En s’avançant vers moi :

« Qu’est-ce que tu fais ? »

« Qui ? Moi ? Rien ! Je me suis souvenu (tout en regardant ma montre) que j’avais un rendez-vous. Que j’ai complètement oublié. »

Je devais être arrivé vers 14 heures et je constatai qu’il était 15 heures passées. J’étais plongé dans la quatrième dimension. Hors temps, hors espace. Et surtout qui savait que je me trouvais là ? Nobody. Aie !! Mauvais temps Cyril.!!

Menaçant :

« Tu vas pas me la faire. Tu me prends pour un con ! »

« Ah non alors. C’est vraiment pas de moi çà. Je t’assure. J’en ai tout au plus pour…. Pfffoua une heure au grand maximum »

« Tu y vas APRES, à ton rendez-vous »

« Je suis déjà en retard. Je te promets. Je reviens tout de suite après. T’as vu on a bien discuté. Je te trouve très intéressant. On aura plus de temps comme çà… »

Il s’est approché de moi. A plongé son regard dans le mien et à dit :

« Ok. Tu m’as l’air honnête »

Il m’a presque fait pitié quand il a ajouté.

« Tu es le premier qui s’intéresse à ce que je fais. »

Tout en ouvrant la porte, pour me laisser sortir il a ajouté :

« Promis ? Tu reviens ? »

De mon air le plus convainquant :

« Tu peux me faire confiance. A tout à l’heure Omar. »

Sourire aux lèvres :

« Non pas Omar…Marc. A tout à l’heure Cyril »

Arrivé au bas de l’immeuble, il m’interpella de son balcon avec toujours ce même sourire béat :

« A tout à l’heure Cyril ».

Je lui fis un furtif et rapide signe de la main.

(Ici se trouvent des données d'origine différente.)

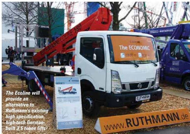
The Ecoline will provide an alternative to Ruthmann's existing high specification, high-tech German-built 3.5 tonne lifts

spiders and RAM truck mounted platforms - is intended to provide a new line of cost-effective 3.5 tonne platforms. The Ecoline range will include a range of telescopics to 18 metres and articulating boom models up to 20 metres providing an alternative to Ruthmann's existing high specification, high-tech German-built 3.5 tonne lifts, which include four machines topped by the 27 metre TB270+. Launched six years ago the TB 270 has sold well with the 650th unit delivered last year to French rental company Kiloutou.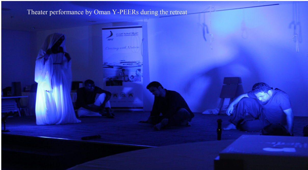
Theater performance by Oman Y-PEERs during the retreat

Each former and current Y-PEER member was given a certificate of appreciation by UNFPA with gifts of appreciation supported by various donors.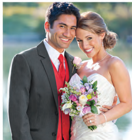
Grey Ceremonia Slim Fit Suit by Jean Yves / 352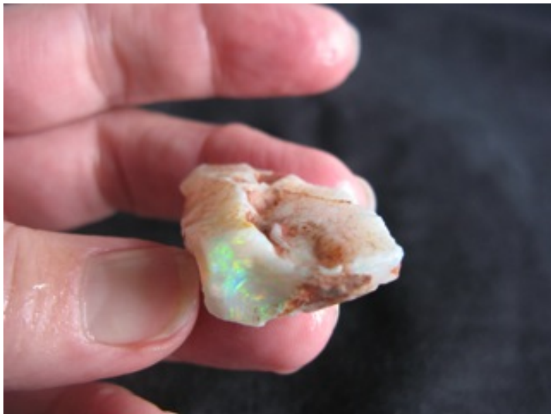
20. $520 IMG_1181 Olympic Gem $2,000/oz .26oz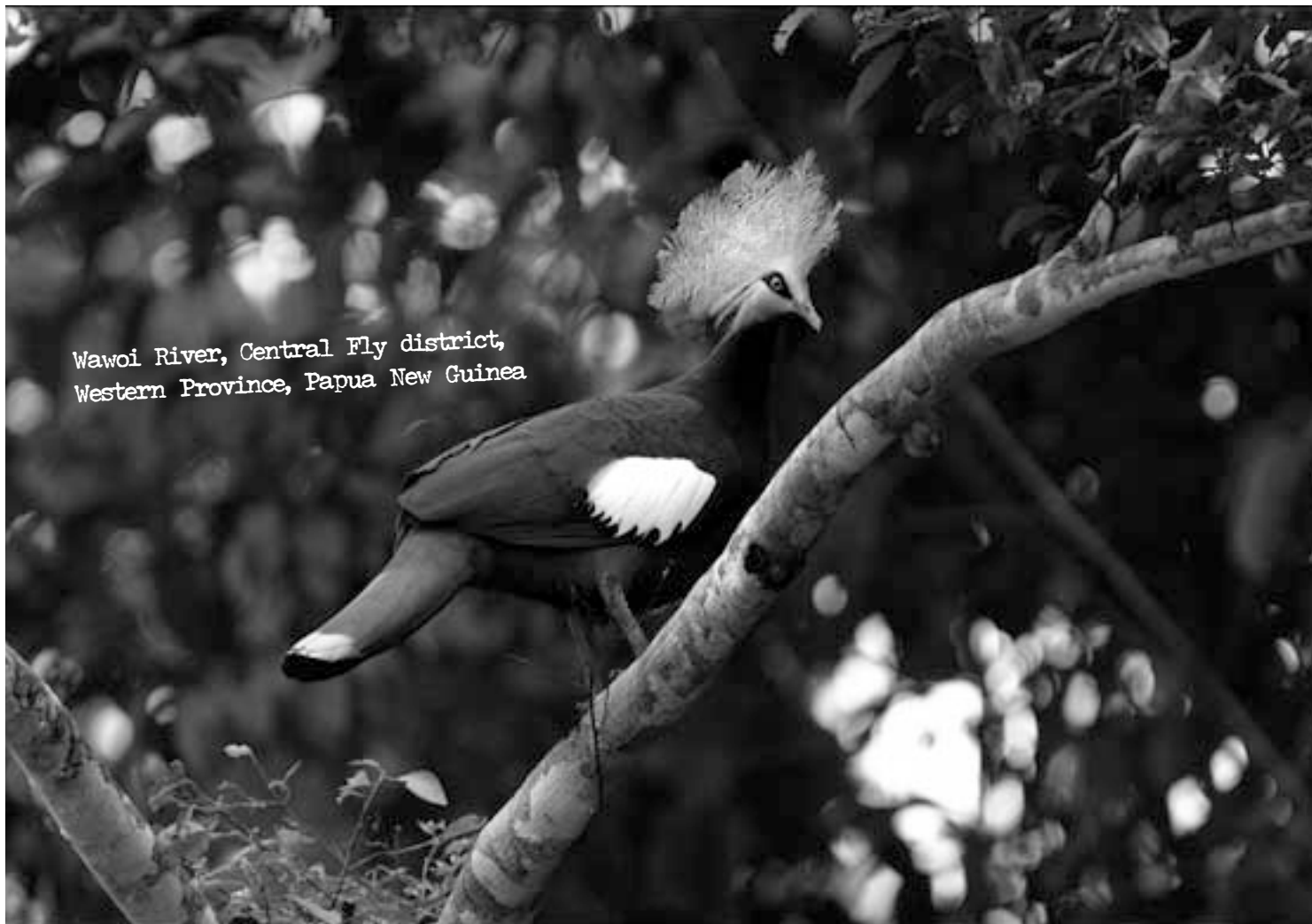
Wawoi River, Central Fly district, Western Province, Papua New Guinea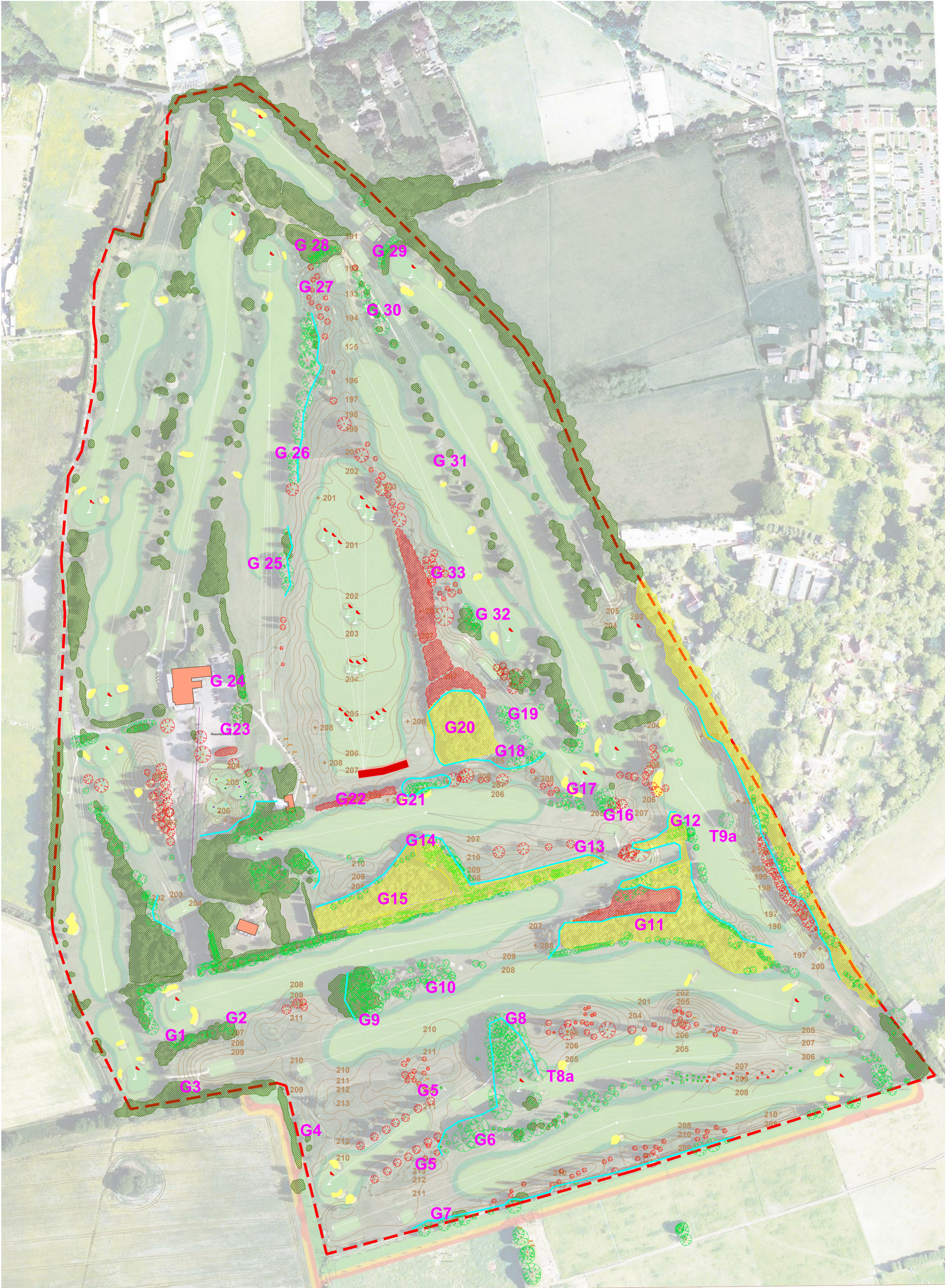
CLGC - Site Clearance Plan - 100.10 (Rev C)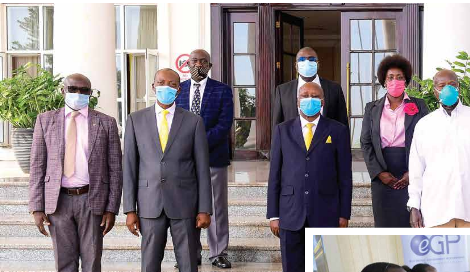
On Wednesday 18/08/2021, members of the Board of Directors and Management of the PPDA met President Yoweri Kaguta Museveni at State House Entebbe. They briefed the President on a range of issues and how PPDA is applying its mandate to ensure that Public Procurement delivers on national development goals. The President expressed appreciation for the significance of Public Procurement in social economic transformation of the country. He urged the team to support to investors, and to ensure that major national infrastructure projects are implemented without undue delays.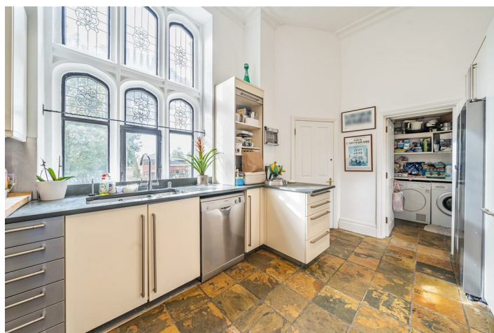
Kitchen 15,10'9 (4.57m,3.28m)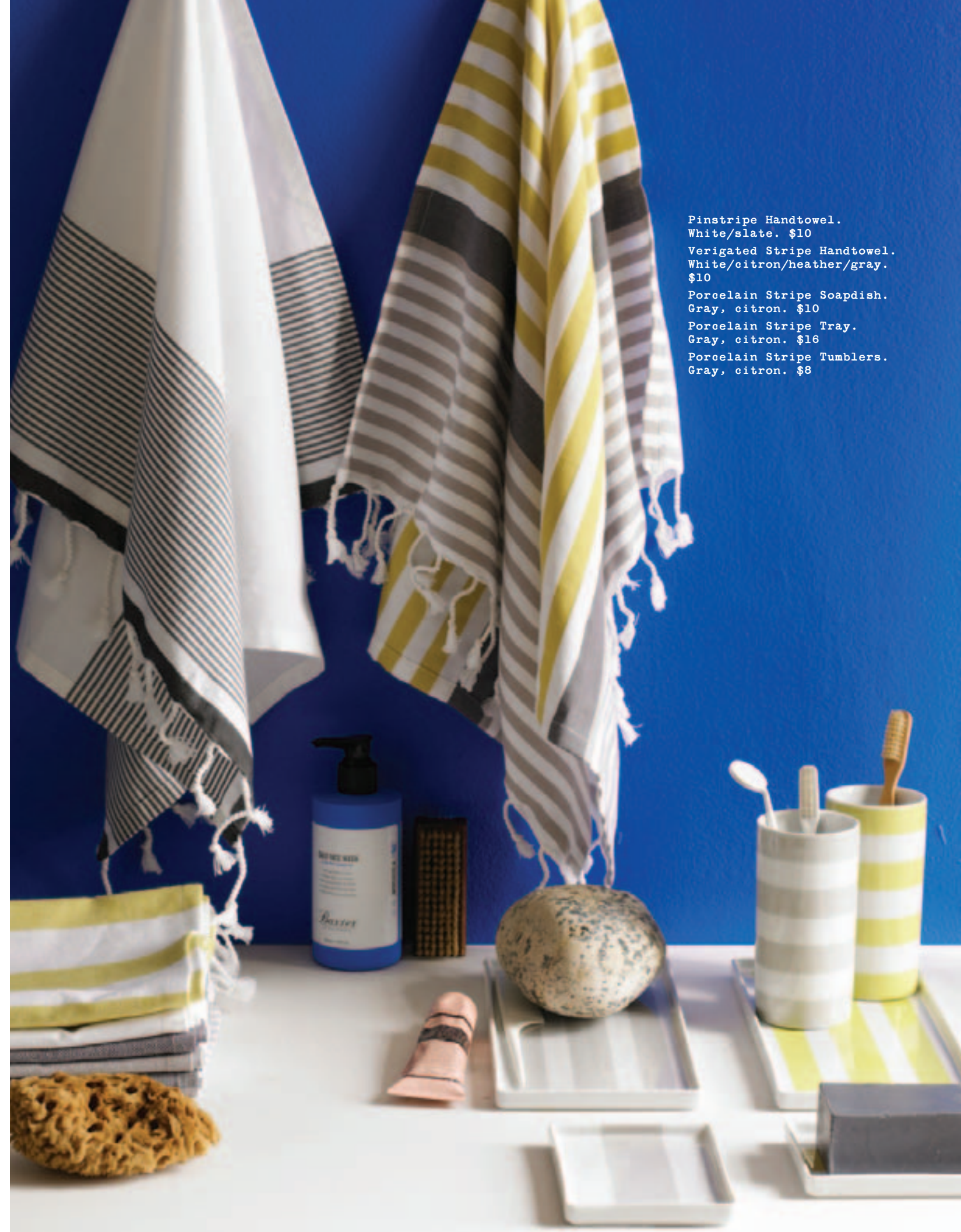
Pinstripe Handtowel. White/slate. $10 Verigated Stripe Handtowel. White/citron/heather/gray. $10 Porcelain Stripe Soapdish. Gray, citron. $10 Porcelain Stripe Tray. Gray, citron. $16 Porcelain Stripe Tumblers. Gray, citron. $8

Je mis mon casque, enfourcha mon bolide et parti sur les chapeaux de roues pour ne plus jamais revenir.

Je connaissais bien cet immeuble pour y passer devant tous les jours afin de me rendre sur mon lieu de travail.

Quelques mois plus tard, je vis des camions de pompiers au bas de l’immeuble d’Omar et il me semblait que son appartement était la proie des flammes. Plus tard, je pus lire dans le journal, qu’un homme d’une trentaine d’année d’origine marocaine avait trouvé la mort dans l’incendie qui ravagea l’appartement qu’il occupait et dont l’origine restait à ce jour inconnue… Ironie du sort.